# Cub Cadet M60 Tank RPM's dropping when engaging deck



## mdmuss1968

I have a Cub Cadet M60 Tank, which use to run great. Now when mowing both tall and short grass the RPM's drop when engaging deck. It happens very randomly. Sometimes I can mow for hours before it happens other times as soon as I start mowing. Other times not at all. The RPM's just drop off, the deck is still engaged and blades are spinning but it has no power. Wont climb a hill, even after disengaging blades. If I let it sit for a minute or two the RPM's go back up, but as soon as I engage the deck again they drop back off.
I am at a loss... anyone have this issue with their M60 Tank? 

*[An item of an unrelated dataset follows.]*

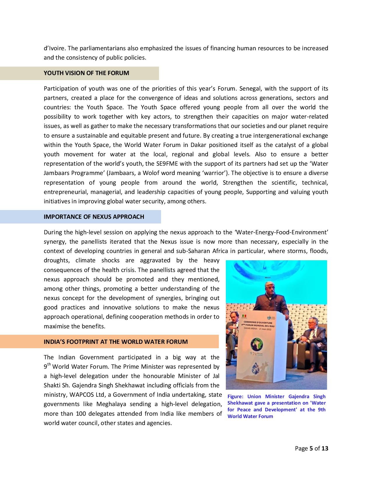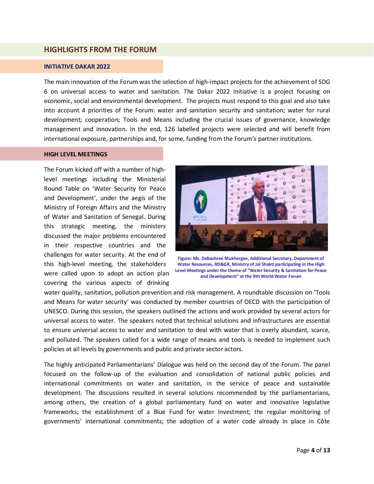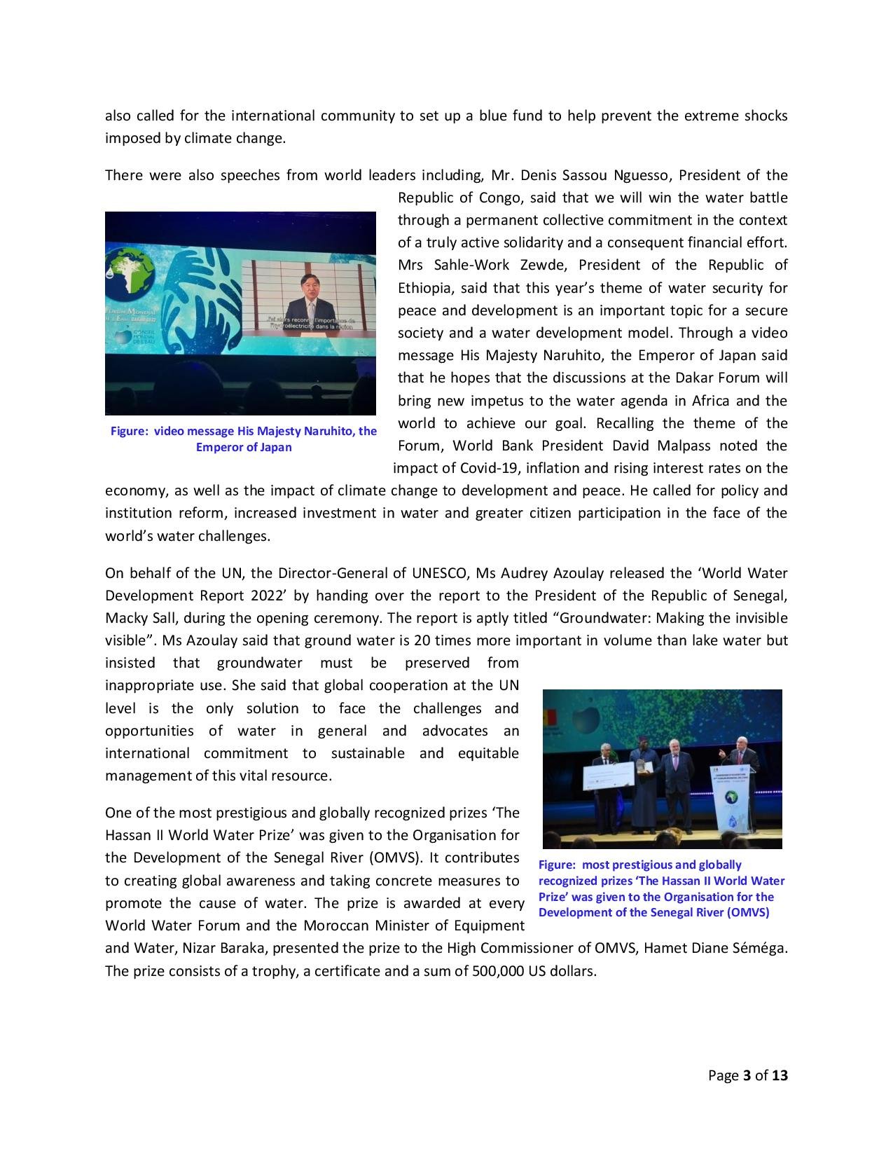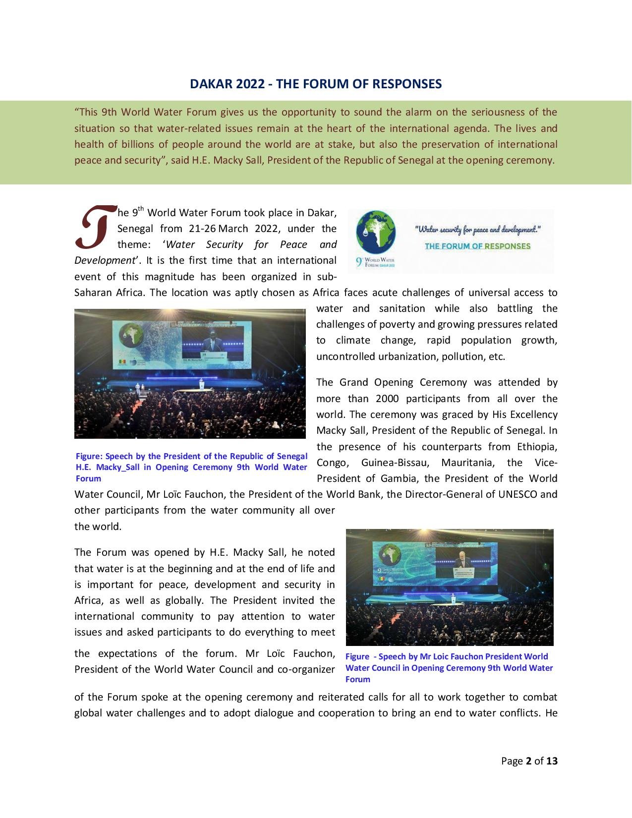 The Forum for peace and development, the 9th world water Forum through an innovative framework identified, promoted and implemented concrete res...

Thanks in advance for any suggestions!


----------



## jhngardner367

It sounds as if there may be a problem with the PTO,or the drive.
You may have a PTO that is shorting,or a belt,pulley,or idler seizing up.


----------



## mdmuss1968

Thanks for the quick response, any other ideas would be appreciate, just trying to trouble shoot this inconsistent behavior...


----------



## DeltaEliteMan

I have a similar problem. But mine happens when I'm simply mowing along and my M60 drops to half power. Then, after a while, BAM! It's like someone flicks a switch and all the power comes back. No idea what the heck is going on.
Sometimes it will be at half power for 10 minutes other times it will stay like that for an hour.
Absolutely driving me crazy.
PLEASE HELP!


----------



## jhngardner367

Ok, try wiggling the wire harness at the connector for the engine wires,or check the connections to the ignition switch. Either of these can cause it.


----------



## DeltaEliteMan

I know where the ignition switch is but where exactly does the wiring harness to the engine connect? All the connections are hidden on this thing!


----------



## DeltaEliteMan

Tried disconnecting and reconnecting the ignition switch plug and it did not do anything. Same thing. Half power.


----------



## mdmuss1968

this is the same problem I am having.
put it away the other night RPM's were at 3690 got it out last night tomorrow rpms are not show on gage half power took an hour for rpms to hit 3600. mode not stop at max rpm for almost 2 hours when to put it away rpms when I come back up again


----------



## mdmuss1968

*Update:*

OK went out to mow this morning mower never got up to 3600 RPM nor did it show any RPM's at all on the meter. Made one pass around my 1 acre field and the deck just stop! Belts are fine, all pulleys moving freely, but deck will not engage. So I was thinking PTO engage switch went bad, or came disconnected, so I took off the control panel. Cannot tell either way, but it has me wondering about the switch, and the relay under that panel. My relay was hust flopping around loose in there are neither the relay or the PTO enagage switch have a very firm connection... Does anyone know what this relay is actually for?
Manual just shows "Relay 12V 40A
Funny thing is that now my meter shows constant RPM's at go to 3690 consistently...

Any thoughts?


----------



## jhngardner367

Just got off the Cub Cadet complaint site.
It seems the Tank series has been plagued with problems from day 1 !
MTD,the owners of Cub Cadet,are NOT offering any help to customers.


----------



## mdmuss1968

I found that the wire harness at the clutch under the mower has a bad connection and also the bolt on the clutch that stops it from spinning wad sheared off and the eyelet on the clutch were the bolt goes through is gone completely wallowed out...


----------



## jhngardner367

Yeah, some of the posters on the complaint sight,had the same types of problems.
The 48,and 72 are also giving problems.


----------



## mdmuss1968

Put a longer bolt in the clutch plate bracket to stop it from spinning hole is still all wallowed out just going to see how long it lasts as far as a wire harness goes I have done nothing with it but I plan to reroute it so it is not dangling and getting caught on tall weeds and grass I know that is the problem because my mower quit last time I used it soon as I went over to over a large thistle in my field. Very light duty design on Cub Cadets part for a commercial mower as far as I'm concerned...


----------



## Fredneck

marketing motives aside, it sounds to me like "TANK" was not the most accurate choice for a model name.


----------